In the above embodiment, the obtaining of the original execution plan may include, but is not limited to: acquiring a data processing request, and acquiring an original execution plan according to the data processing request; or after the equivalent execution plan is obtained (i.e., step 103), the equivalent execution plan may be determined to be the original execution plan.

In one example, the above execution sequence is only given for convenience of description, and in practical application, the execution sequence between steps may be changed, which is not limited. Moreover, in other embodiments, the steps of the corresponding methods need not be performed in the order shown and described herein, and the methods may include more or less steps than described herein. Furthermore, individual steps described in this specification, in other embodiments, may be described as being split into multiple steps; various steps described in this specification, in other embodiments, may be combined into a single step.
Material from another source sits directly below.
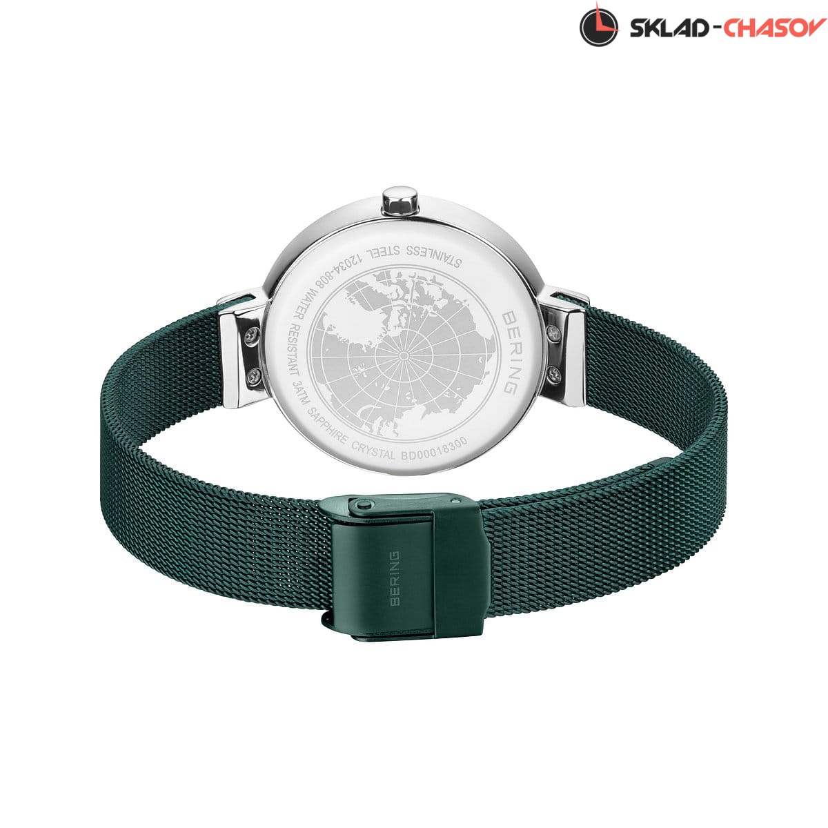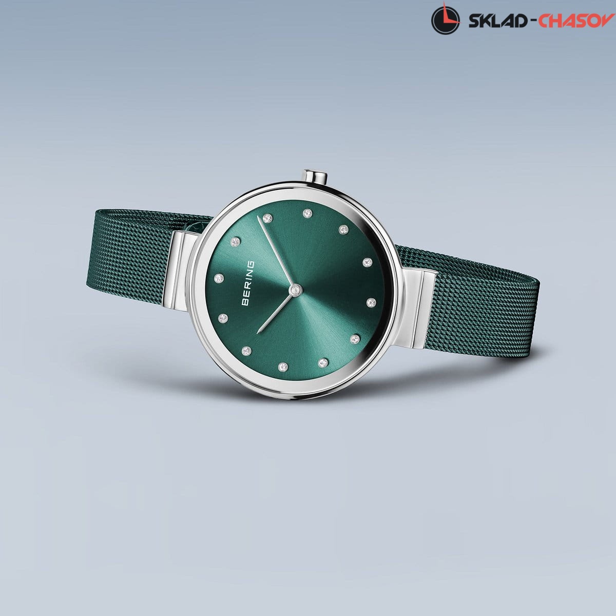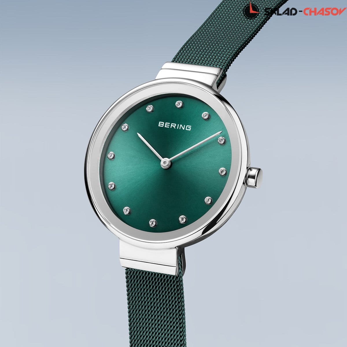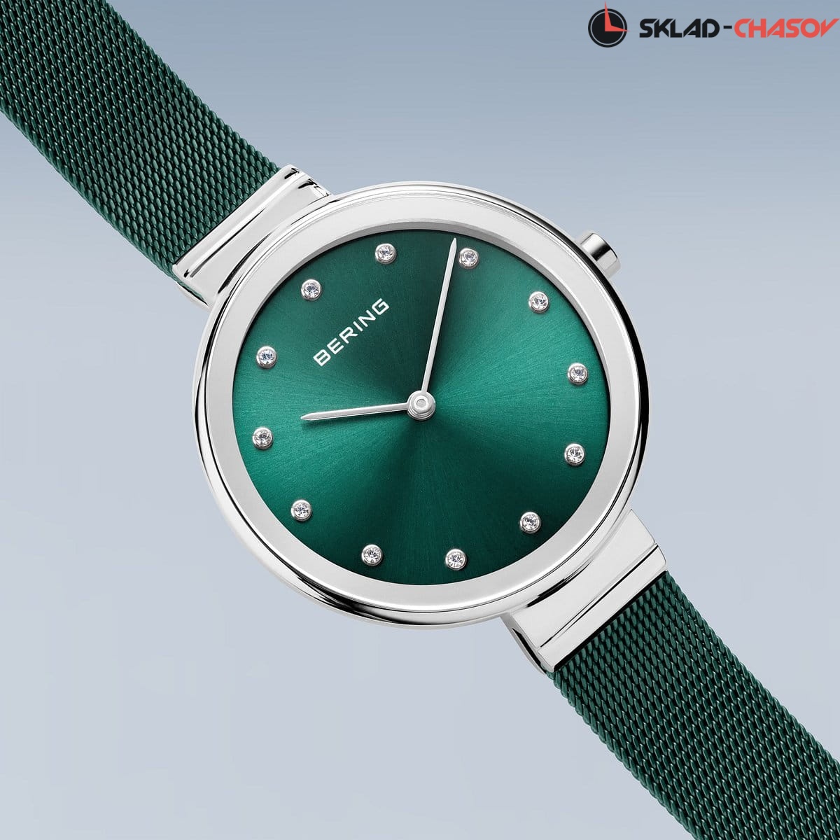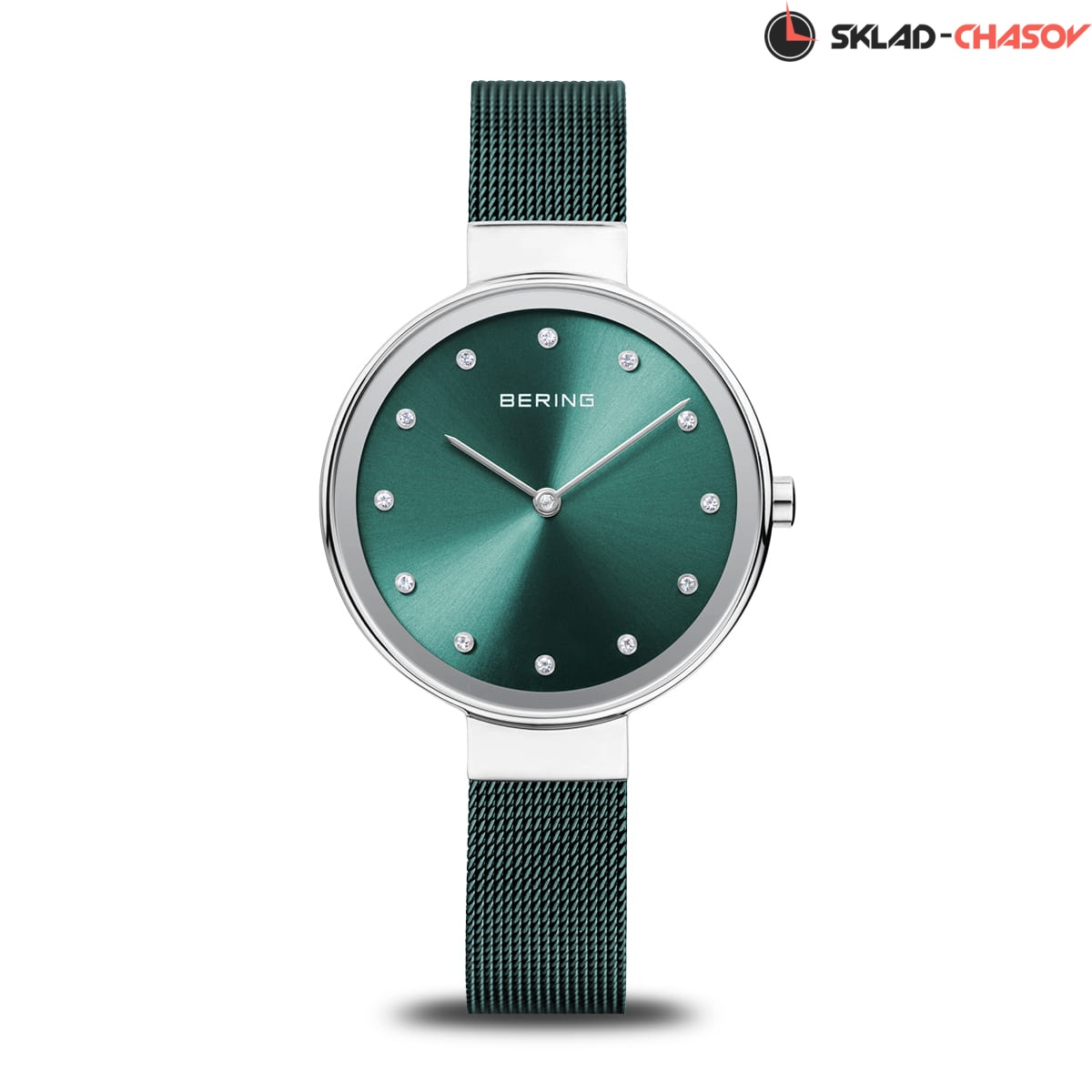 Зеленый циферблат с гильошированием в виде солнечных лучей и кристалами SWAROVSKI.

Based on the same application concept as the above method, another data processing method is also provided in the embodiment of the present application, where the method may be applied to any device of the query system, and the method may include:

Acquiring an original execution plan, which may include a plurality of nodes; selecting a target node from the nodes of the original execution plan, wherein the target node cannot be processed by a data source; performing segmentation processing on the target node in the original execution plan to obtain a first child node which can be processed by a data source and a second child node which can not be processed by the data source; and replacing the target node in the original execution plan by the first child node and the second child node to obtain an equivalent execution plan, wherein the equivalent execution plan is identical to the execution result of the original execution plan. Then, a target execution plan is determined based on the original execution plan and the equivalent execution plan, and the target execution plan is sent to a data source to cause the data source to execute the target execution plan.

In one example, replacing a target node in an original execution plan with a first child node and a second child node to obtain an equivalent execution plan includes: and arranging the first child node and the second child node of the equivalent execution plan by adopting a tree structure, wherein the first child node can be positioned at the lower layer of the second child node.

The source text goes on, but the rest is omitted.